Floating-point representation

[David M. Warme]

Paul's idea of making the least significant bit be implicit
would be reasonable in the case where the mantissa has
fixed precision, but not when the mantissa is mpz_t, where
dealing with the missing 1 bit provokes much unnecessary
pain.

I use these in a polynomial real root-finding code that
uses Sturm sequences.  I scale the initial floating-point
polynomial coefficients to integers and remove any common
integer factor.  To avoid the difficulties of multiple
roots, it then uses Yun's algorithm to compute a square-free
factorization, with the added bonus of correctly determining
the exact multiplicity of each real root.

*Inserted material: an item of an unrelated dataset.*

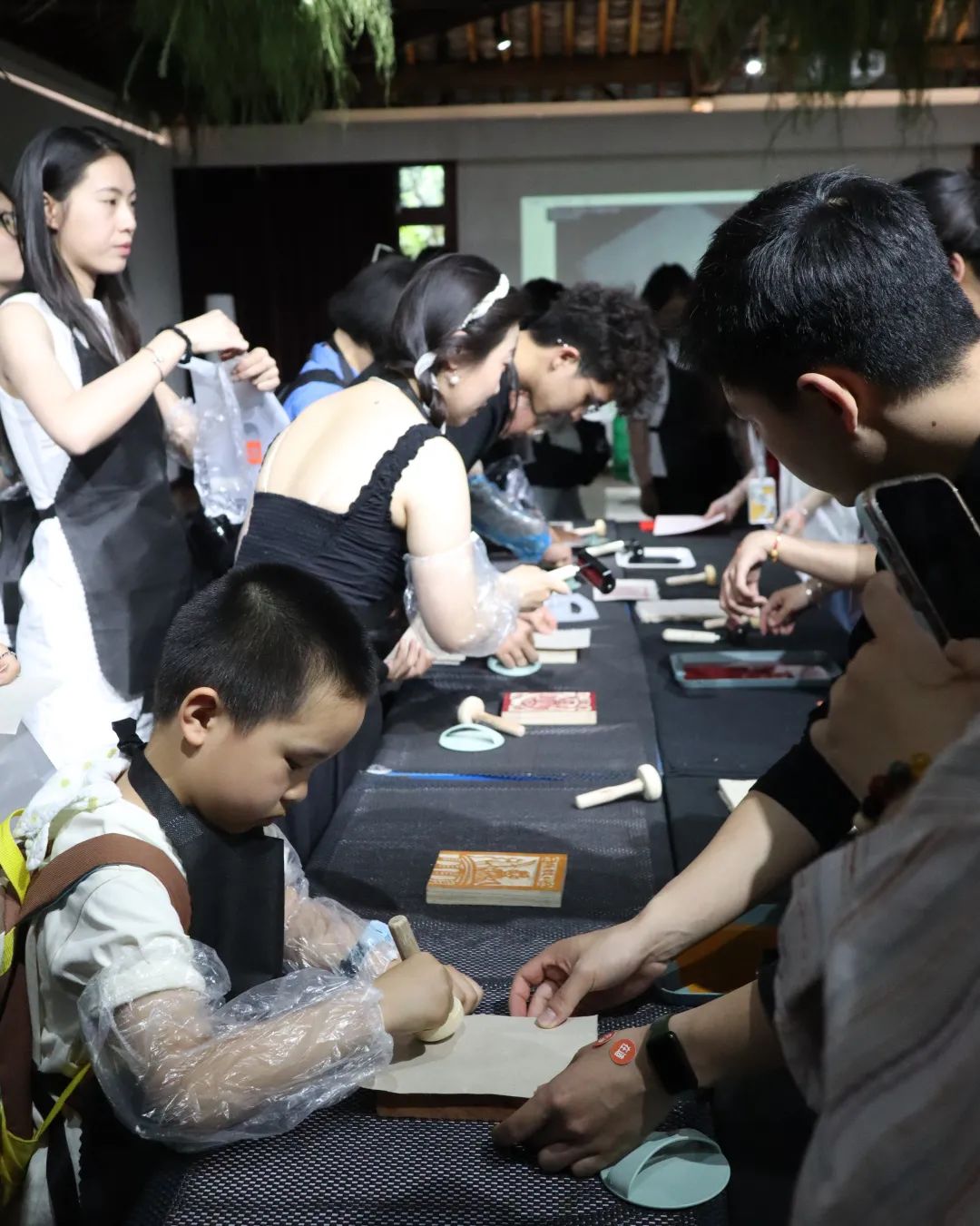 甲马代表性传承人张仁华与suncitygroup太阳成集团非遗保护系教师艾佳以访谈的形式向广大市民介绍甲马知识,畅聊与甲马有关的趣事,讲述雕刻甲马版画背后的文化故事,向现场观众演示了雕刻与拓印工具的用法与技巧。在传承人、甲马文创设计师的现场指导与艺管公司非遗保护专业志愿者的协助下,市民朋友们尝试完成属于自己的甲马版画拓印作品。
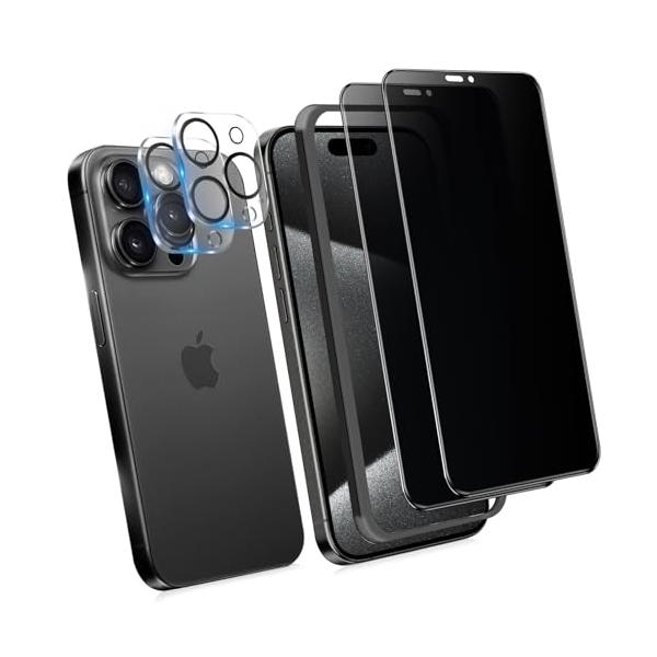 ・対応機種iPhone 15 Pro専用(三眼カメラ、6.1インチ)。パッケージ内容: iphone15pro 覗き見防止フィルム * 2枚 + iphone15pro カメラフィルム * 2枚 + ガイド枠 * 1枚 + クリーニングセット* 2 + 取扱説明書 。対応機種を間違いないようにご購入お願い申し上げます。

The Sturm sequence (of each square-free factor) can then be
expressed as exact polynomials in Z[x].  This special
floating-point representation is then very convenient when
evaluating each of the polynomials of the Sturm sequence at
any particular real value x during the search phase.  Only
add and multiply are needed, and there is no rounding or
other numeric error of any kind -- the correct sign of each
polynomial value is guaranteed.

The search partitions the real line: (-infinity,-1), -1,
(-1,0), 0, (0, 1), 1, (1, +infinity).  Within each range,
it first uses binary search on the exponent, and then on
the mantissa.  Once a root has been isolated, it is refined
using Newton's method, correcting with a few iterations of
bisection whenever Newton misbehaves (e.g., by leaving the
isolating interval, which shrinks as Newton / bisection
proceed).

This is all prefaced by a purely hardware floating-point
implementation that uses "long double" interval arithmetic
to assure that there is no ambiguity regarding the sign of
any Sturm sequence coefficient or value.  The code switches
to the "mpz_t" version if any of these problems manifest.

Works like a charm, and the amortized computational cost
is quite good.  The accuracy, of course, is superb.  The
mpz_t version guarantees the correctly rounded
"long double" root.  The hardware floating-point version
essentially always finds the value x such the |f(x)| is
the smallest possible "long double" result.  (What this
means regarding the true accuracy of x is, of course,
"complicated".)


On 5/18/21 5:53 AM, Marc Glisse wrote:
> On Thu, 13 May 2021, David M. Warme wrote:
>
>> Consider the floating-point representation
>>
>>    m * b**e
>>
>> where m, b and e are integers and b >= 2 is a fixed constant.
>> (The mantissa m could be a GMP integer, and e a fixed-precision
>> signed integer.)
>>
>> The normalization rule is that the mantissa m is either zero
>> or not divisible by b.  (For the usual case of b = 2, the
>> mantissa m is either zero or an odd integer.)
>>
>> This representation supports add, subtract and multiply with
>> no rounding error.
>>
>> Q1: Does this representation have a well-defined name (especially
>>    for the b = 2 case)?
>>
>> Q2: If so, does anyone have a reference in the literature?
>
> No idea about references, but I think that's what I implemented in 
> CGAL as CGAL::Mpzf, with b = 2**64, where we already had CGAL::Gmpzf 
> with b=2.
>